He says while he has found no reference of Busby being married to Auty's daughter, it is clear the men were criminals and the murder was over the spoils of a gold coin forging scheme at nearby Kirby Wiske.

Mr Harding said as the penalty for coining was death, it is likely he was hanged for that and sentenced at York Assizes to be gibbeted for murdering his accomplice.

He said the assizes records for 1702 have been lost, so details of where and when Busby was hanged are unclear and that no contemporary documentary evidence of the murderer issuing a curse has been unearthed.
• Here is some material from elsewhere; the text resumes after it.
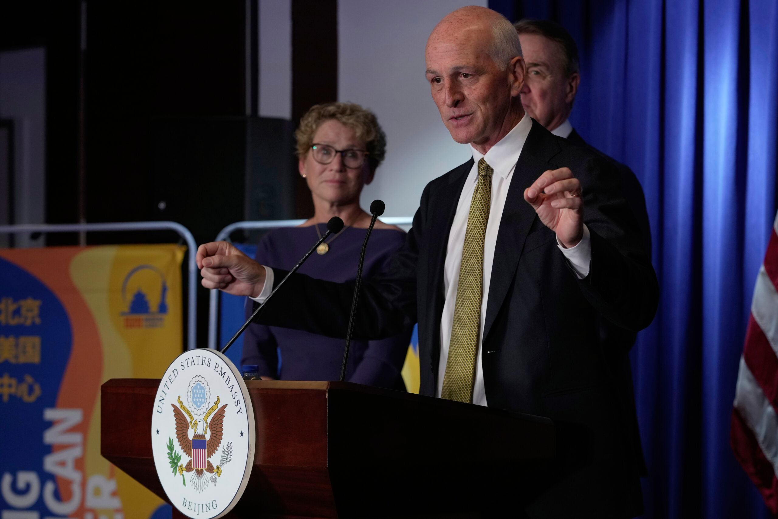 U.S. Rep. Adam Smith, D-Wash, center, speaks during a press conference at the U.S. Embassy in Beijing, China, Tuesday, Sept. 23, 2025. (AP Photo/Mahesh Kumar A.)
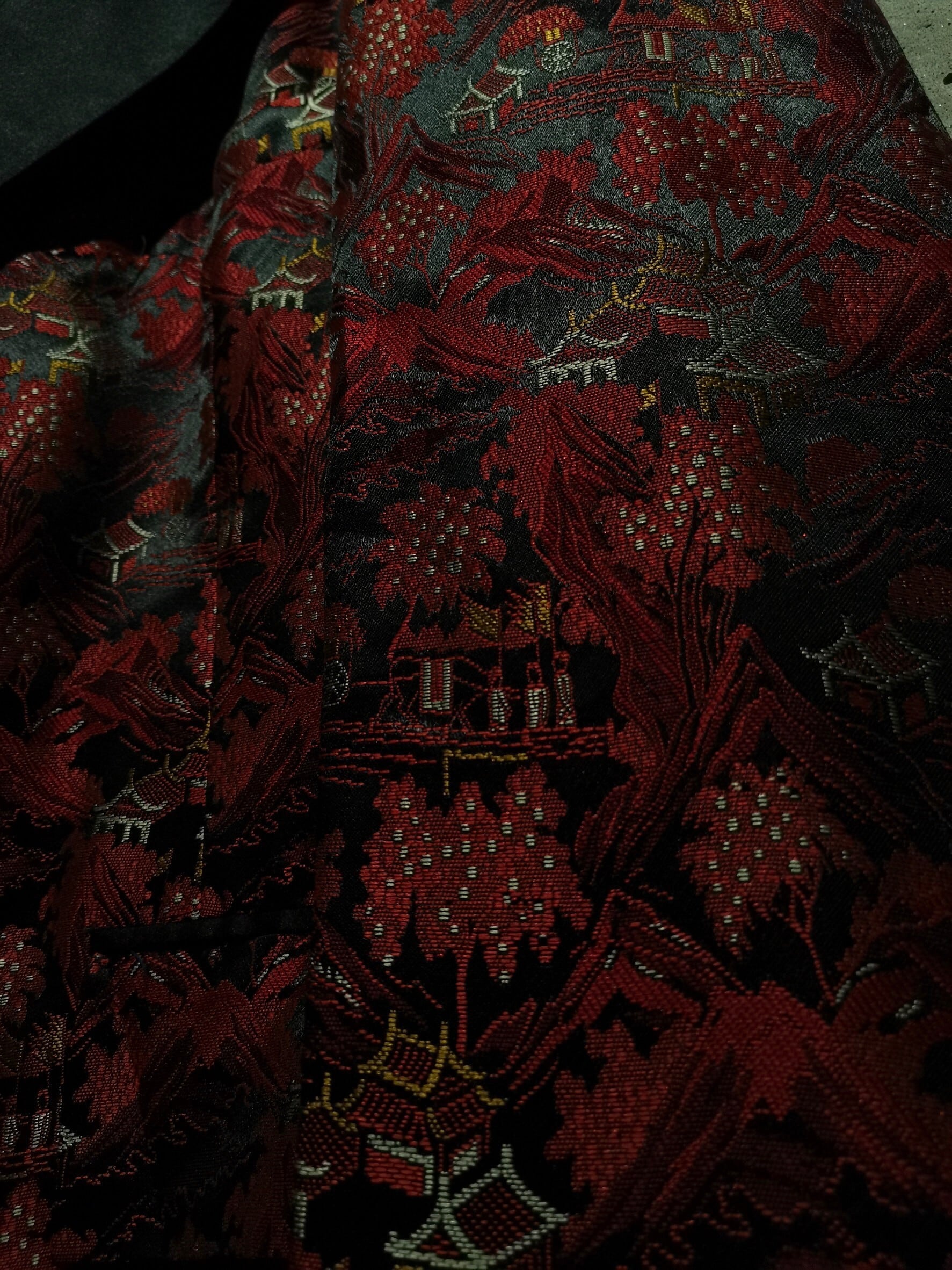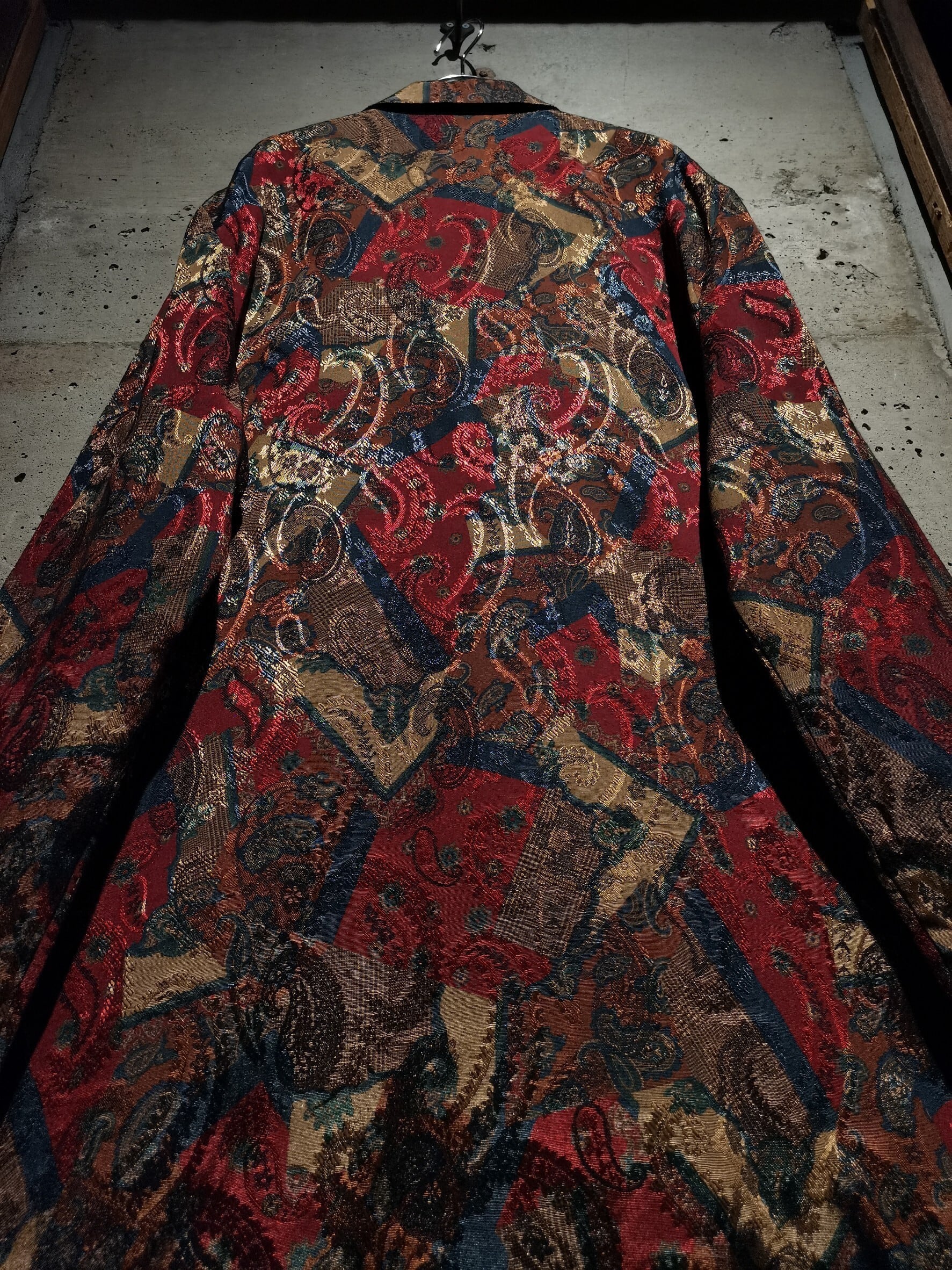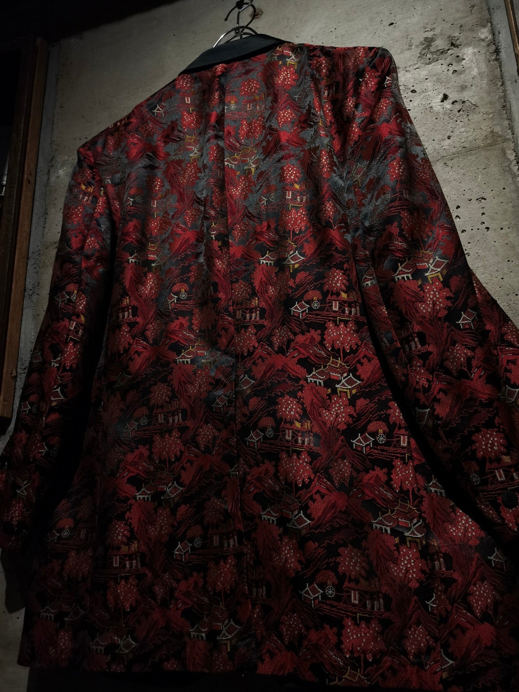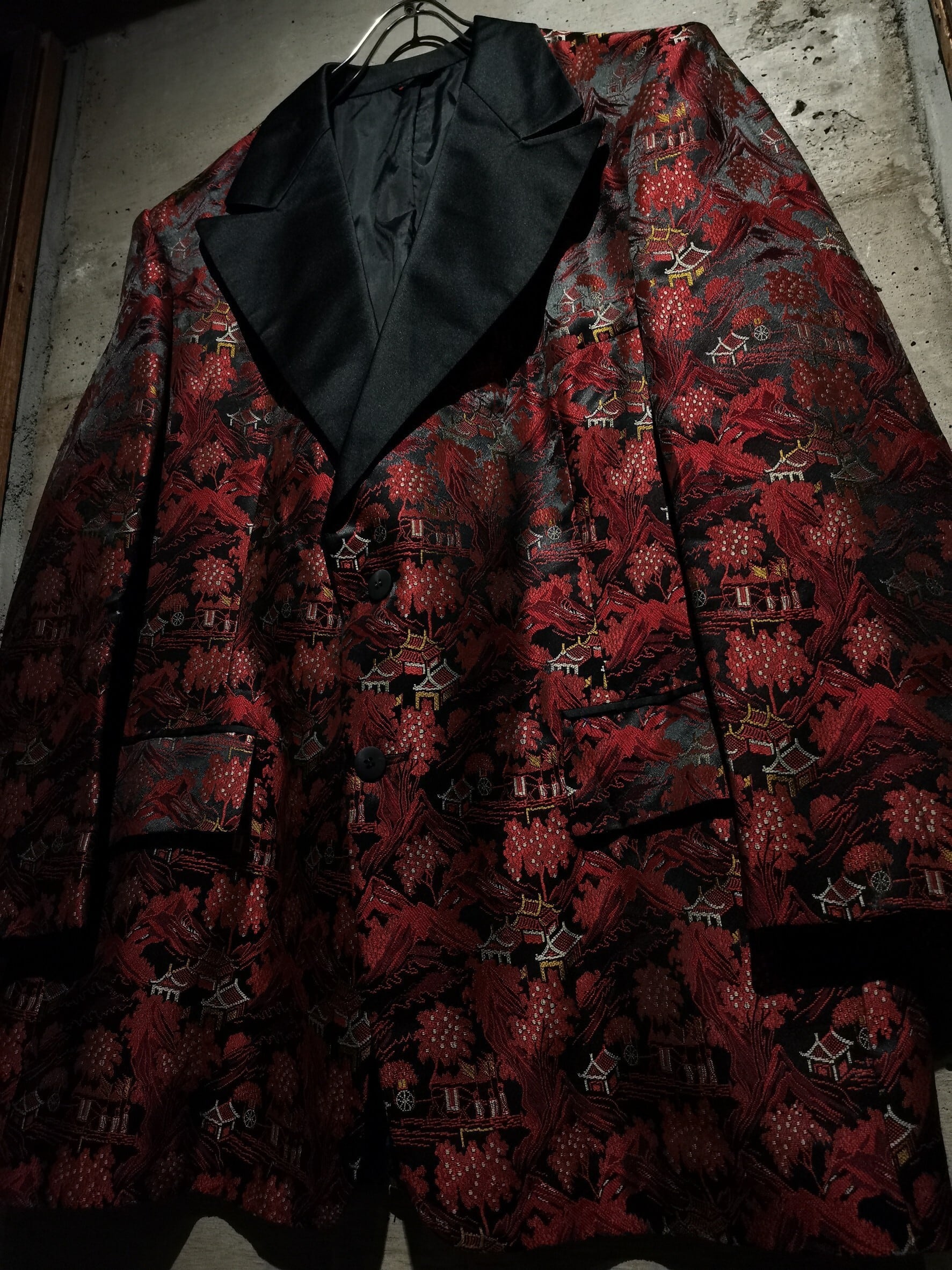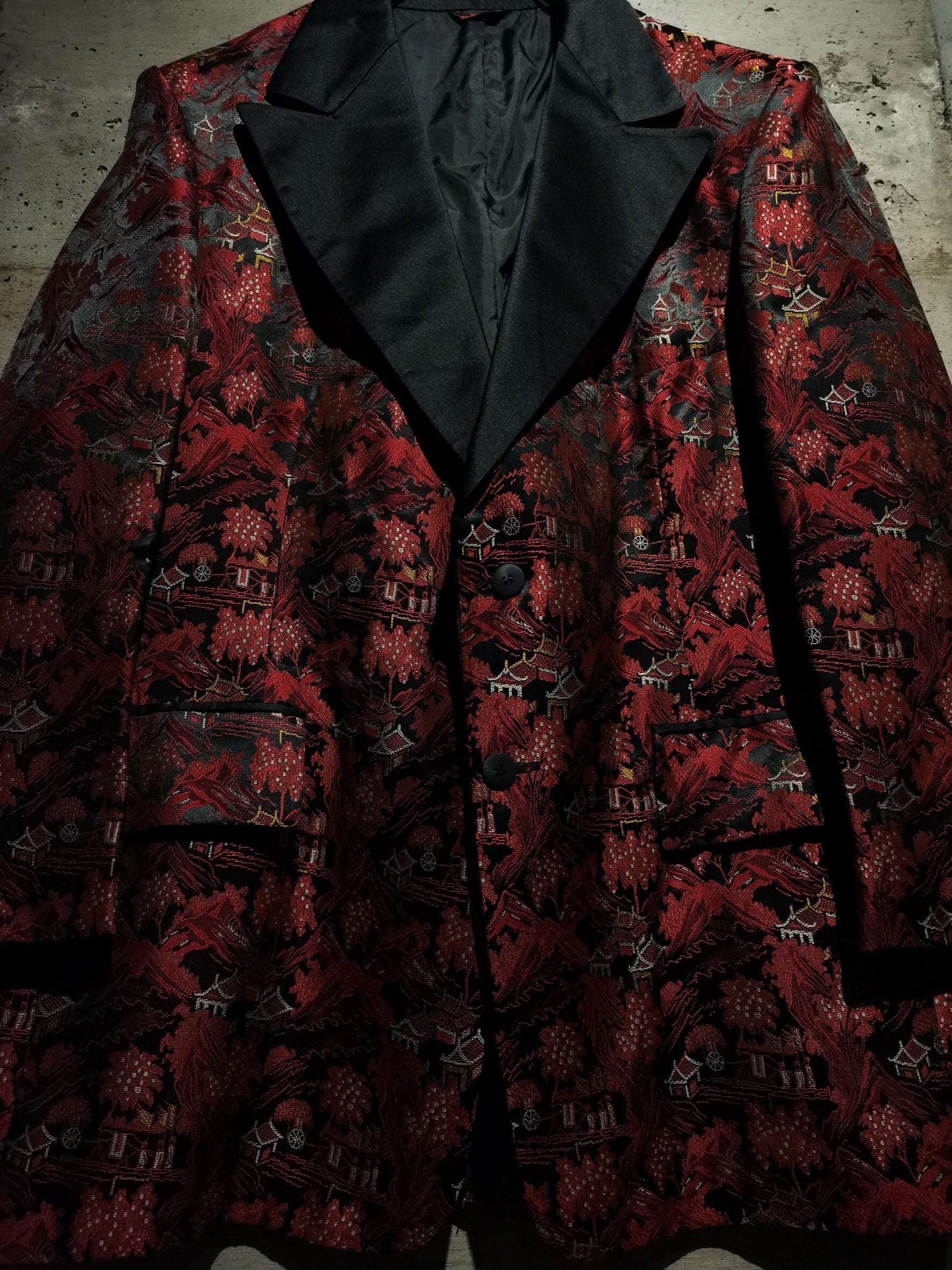 "After Six"といえばフリルシャツというイメージが強いですが、本日ご紹介させて頂くのはタキシードジャケット。繊細な織りによって美しいチャイナ柄を映し出した超〜スペシャルな1着です。

After being hanged, Busby's corpse was dipped in tar to preserve it and placed in an iron frame and hung from a stoop near the scene of his crimes, off the old Great North Road crossroads between Thirsk and . Ripon

In 1859, the historian William Grainge said: "The bones of the poor wretch who had committed murder were hung to fester in the sunshine and blow in the tempest until they fell piecemeal to earth and tradition yet tells tales of night wanderers being terrified when passing this dreaded spot."


Mr Grainge said there was no sign of the gibbet post which the chimney sweep was supposedly found near in 1894, which alongside a suicide verdict at the inquest into the chimney sweep's death, debunks that tale.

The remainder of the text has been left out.